Research

The Dakri Center’s research agenda focuses on businesses that are Main Street businesses- organizations with few employees often with a sole owner or a “Mom-and-Pop" family ownership model. Despite having few employees per business, these businesses make up the vast majority of small businesses in the country. Over 99 percent of America’s 28.7 million firms are small businesses.1

Through the work of the SURE Program, the Dakri Center is well positioned to perform in-depth, longitudinal studies on Main Street entrepreneurship. The SURE team has already begun collecting data in support of its research agenda. In addition to data that is useful for the administration of the SURE program the team collects information about entrepreneurs that is also useful in research (for example, benchmark financial literacy measures and individual risk preferences of the entrepreneurs). CEI is in a unique position to perform three different types of research related to Main Street Entrepreneurship:

  • Archival research about Main Street entrepreneurship in aggregate in the US: Using publicly available sources including information from company registration data and publicly available information about government-backed lending distributed by the Small Business Administration in accordance with the Freedom of Information Act in conjunction with new methods of data imputation, the CEI research team is able to look at the distribution of lending in the US. This research is already in progress with co-authors from the University of California at San Diego.
  • In-depth, small sample archival research using data that only CEI has access to by studying the current and alumni entrepreneurs of the SURE Program. This data set allows for studying dimensions of entrepreneurship that cannot be studied with publicly available data. For example, dimensions of the entrepreneur’s personality, such as their risk tolerance level, and longitudinal data that is not available in public sources, for example revenue growth in small businesses. In the US even basic information such as revenues, expenditures, profits and number of employees of small businesses are not collected and publicized. The government performs surveys and presents data in aggregate, but there are no publicly available longitudinal data sets on small businesses which has hampered research in this field.
  • In addition, CEI is in a unique position to perform field experiments in entrepreneurship. The use of randomized controlled trials is the gold standard for research in the hard sciences, however adoption in the social sciences is lagging. This has been shifting and in 2019 Esther Duflo along with her two co-researchers was awarded the Nobel Prize for their experimental approach to alleviating global poverty.2 Economists of various stripes – development, education, etc. – have begun to adopt the use of randomized controlled trials to determine the effects of interventions. Through the SURE Program, the CEI could test what approaches to education affect long-term outcomes of the business or what types of interventions might increase the likelihood that entrepreneurs are successfully able to obtain third party funding for their business.

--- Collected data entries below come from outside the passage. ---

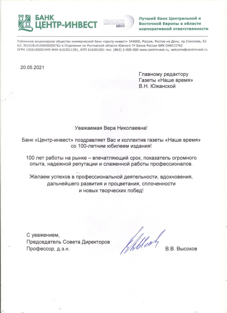 Уважаемая Вера Николаевна!Банк «Центр-инвест» поздравляет Вас и коллектив газеты «Наше время» со 100-летним юбилеем издания!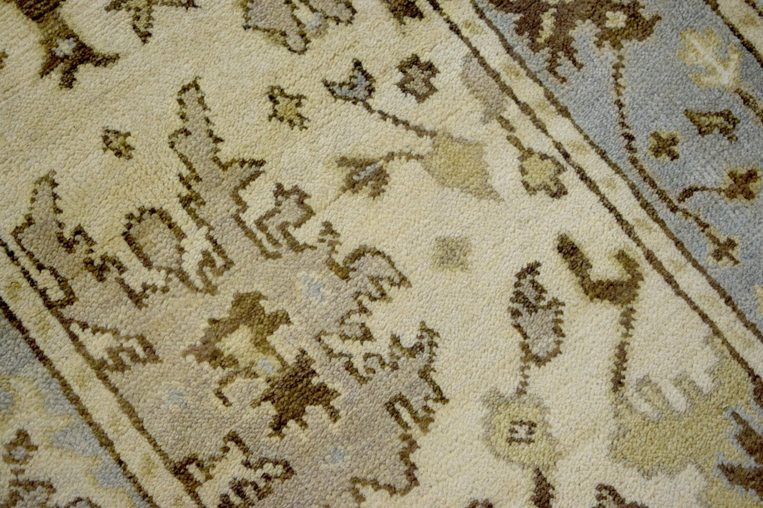 Hand Knotted Beige and Blue Antique Oushak Wool Runner Rug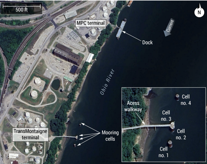 The barges at the Marathon Petroleum Corporation (MPC) terminal dock at mile 793.8 on the right descending bank of the Ohio river were carrying diesel fuel and gasoline when they broke free at mile 793.8 around 4:45 a.m. April 16, 2024.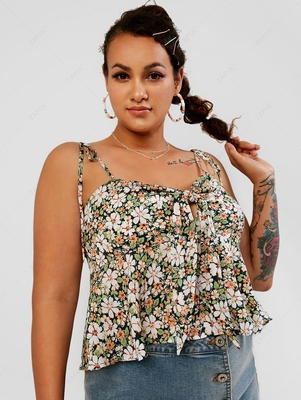Zaful A sweet statement for sunny days, this plus-size breezy cami top features a charming floral print, playful ties at the shoulders, & collarline. Pair it with faded denim & sneakers for easy summer weekends. Style: Cute Shirt Length: Regular Collar: Spaghetti Strap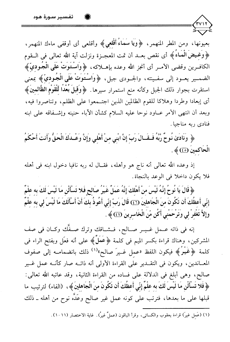 بعيونها، ومن المطر المنهمر، (وَيَا سَمَاءُ أَقْلِعِي) وأقلعي أي أوقفي ماءك المنهمر، (وَغِيضَ الْمَاءُ) أي نقص بعد أن تمت المعجزة ونزلت آية اللَّه تعالى في القوم الكافرين وقُضي الأمر أي أنجز اللَّه وعده بإهلاكه، (وَاسْتَوَتْ عَلَى الْجُودِيِّ) الضمير يعود إلى سفينته، و (الْجُودِيِّ) جبل، (وَاسْتَوَتْ عَلَى الْجُودِيِّ) بمعنى استقرت بجوار ذلك الجبل وكأنه منع استمرار سيرها. (وَقِيلَ بُعْدًا لِلْقَوْمِ الظَّالِمِينَ) أي إبعادا وطردا وهلاكا للقوم الظالمين الذين اجتمعوا على الظلم، وتناصروا فيه، وبعد أن انتهى الأمر عاود نوحًا عليه السلام كشأن الآباء حنينُه وإشفاقُه على ابنه فنادى ربه مناجيا.

The existence of three different prongs of research creates opportunities not just for the CEI Team, but also for PhD students and for more cross-disciplinary research with faculty from other departments. As stated earlier, the research studies currently in progress is co-authored work with faculty from the Business school and the Economics department at the University of California – San Diego. In 2024 the Dakri Center partnered with the College of Education and the Hobby School of Public Affairs to evaluate the environment for childcare providers in the Gulf Coast region of Texas and provide them with resources for enhancing their curriculum and their business knowledge. As the CEI develops and has increased visibility on campus, we would like to develop similar relationships with faculty in other departments at the University of Houston.